Copy a recent copy of the script to your current directory:
`cp /scratch/joh97948/isoetes/all_to_one/variantcall.sh .`
Modify the script to match the names of your files and directories:
```bash=
# Set variables
reference=$1
prefix=$2
read1fn="$prefix"_R1.fq
read2fn="$prefix"_R2.fq
readdir=/scratch/mslimp/Argan1/Argan/trimmed/
```
```
bash variantcall.sh argan.supercontigs.fasta ARGANseq001
```
Try it with one sample first to see if everything runs ok for one sample. If it works, go ahead and create a loop to go through all samples:
```
while read name
do
bash variantcall.sh prefix.supercontigs.fasta $name
done < /scratch/mslimp/Argan1/Argan/namelist.txt
```
## Calling variants
Use the script `GenotypesToPCA.sh` from Lindsay's workflow to call variants for all samples together.
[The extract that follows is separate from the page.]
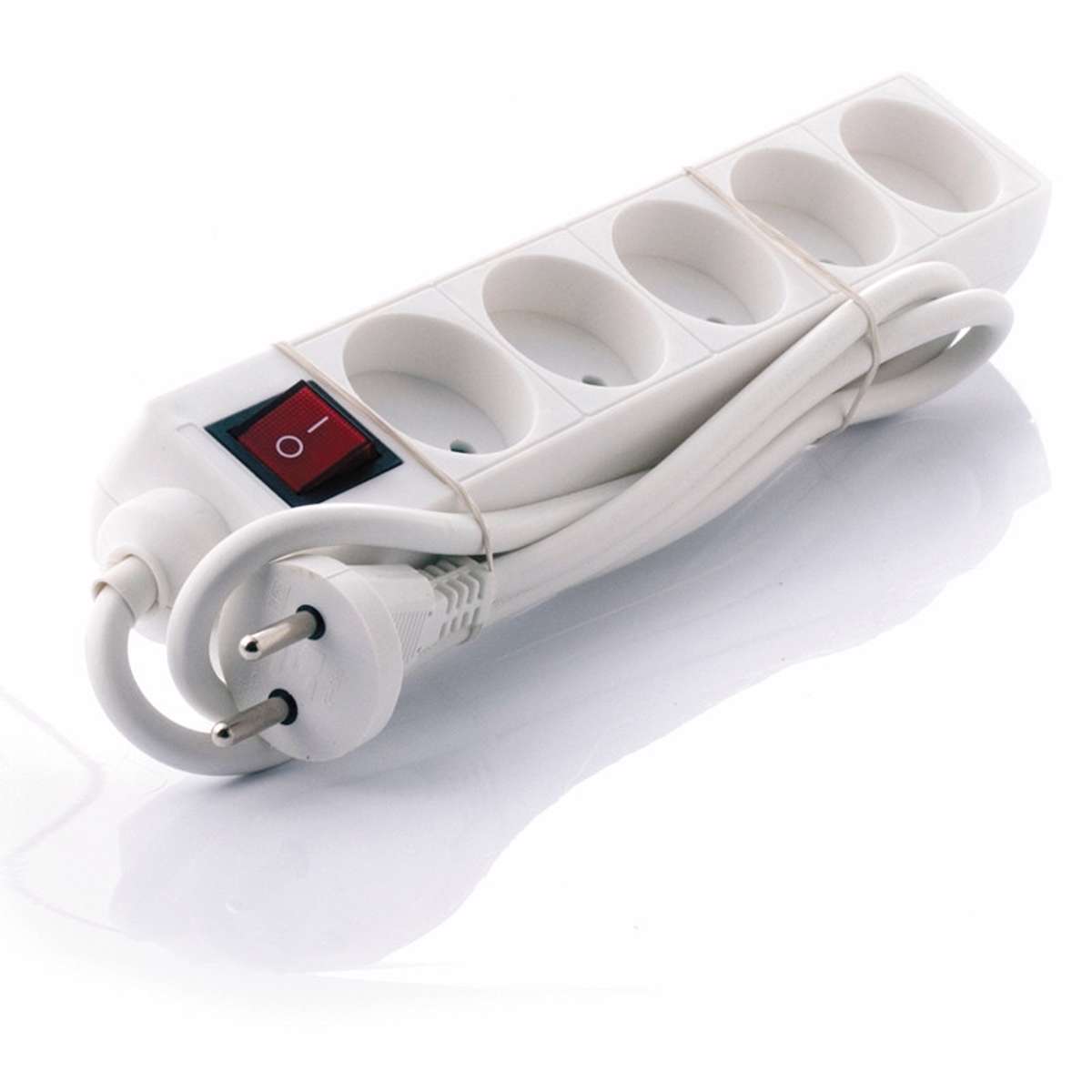 D-mærket 5-vejs forlænder - stik med 2-polet kontakt, der gør det muligt at tilslutte 5 enheder sikkert til en elektrisk udgang.

Then you filter the variants and generate a PCA from genetic distances.
```bash=
#!/bin/bash
##End of Select Varitants for GATK4
set -eo pipefail
reference=$1 #Ppyriforme-3728.supercontigs.fasta
prefix=$2 #Physcomitrium-pyriforme
#Make Samples list
ls */*-g.vcf > samples.list
# Combine and Jointly call GVCFs
gatk CombineGVCFs -R $reference --variant samples.list --output "$prefix".cohort.g.vcf
gatk GenotypeGVCFs -R $reference -V "$prefix".cohort.g.vcf -O "$prefix".cohort.unfiltered.vcf
# Keep only SNPs passing a hard filter
time gatk SelectVariants -V "$prefix".cohort.unfiltered.vcf -R $reference -select-type-to-include SNP -O "$prefix".SNPall.vcf
time gatk VariantFiltration -R $reference -V "$prefix".SNPall.vcf --filter-name "hardfilter" -O "$prefix".snp.filtered.vcf --filter-expression "QD < 5.0 && FS > 60.0 && MQ < 45.0 && MQRankSum < -12.5 && ReadPosRankSum < -8.0"
gatk SelectVariants -V "$prefix".snp.filtered.vcf -O "$prefix".snp.filtered.nocall.vcf --set-filtered-gt-to-nocall
bcftools annotate --set-id +"%CHROM:%POS" "$prefix".snp.filtered.nocall.vcf > "$prefix".snp.filtered.nodot.vcf
# Filter out SNPs that didn't pass the filter
plink --vcf-filter --vcf "$prefix".snp.filtered.nodot.vcf --allow-extra-chr --recode --make-bed --geno --const-fid --out "$prefix"
#Alternate for deleting all SNPs with missing data:
#plink --vcf-filter --vcf "$prefix".snp.filtered.nodot.vcf --allow-extra-chr --recode --make-bed --geno 0 --const-fid --out "$prefix"
plink --indep 50 5 2 --file "$prefix" --allow-extra-chr --out "$prefix"
plink --extract "$prefix".prune.in --out "$prefix"_pruned --file "$prefix" --make-bed --allow-extra-chr --recode
# Generate eigenvalues and loadings for 20 PCA axes
plink --pca 20 --file "$prefix"_pruned --allow-extra-chr --out "$prefix"
# Generate basic stats (heterozygosity, inbreeding coefficient, allele frequencies)
plink --freq --het 'small-sample' --ibc --file "$prefix"_pruned --allow-extra-chr -out "$prefix"_pruned
```
Run this from the directory that has all of the `variantcall.sh` directories:
`bash GenotypesToPCA.sh argan.supercontigs.fasta argan1`
## Admixture Analysis in LEA (in R)
The pruned dataset has 70 individuals and 11577 SNPs.
Needed to change `*` characters into missing `0`, so input to LEA is `argan1_pruned_fixed.ped`
[LEA tutorial](http://membres-timc.imag.fr/Olivier.Francois/LEA/tutorial.htm)
## Vizualizations (in R)
### Libraries / Gene Recovery Stats
Similar to what you had on your poster and what we had in the GUMO paper
### HybPiper Heatmap
`gene_recovery_heatmap_ggplot.R`
### PCA
You will need to modify the `.eigenvec` file to have a site column to more easily visualize relationships within/among sites
### LEA barchart
Like the STRUCTURE plot in the other papers but with your SNP data
### LEA piecharts on map
Make sure to include Western Sahara
### Summary stats
Using bcftools to look at the various VCF files:
`bcftools stats argan1.snp.filtered.nodot.vcf`
```
number of SNPs: 59736
```
The `argan1_pruned_fixed.geno` file generated by LEA has a format of one SNP per line (each individual is a column).
The file has 11577 lines, so that is the number of pruned SNPs (filetered to retain only SNPs with limited evidence of linkage).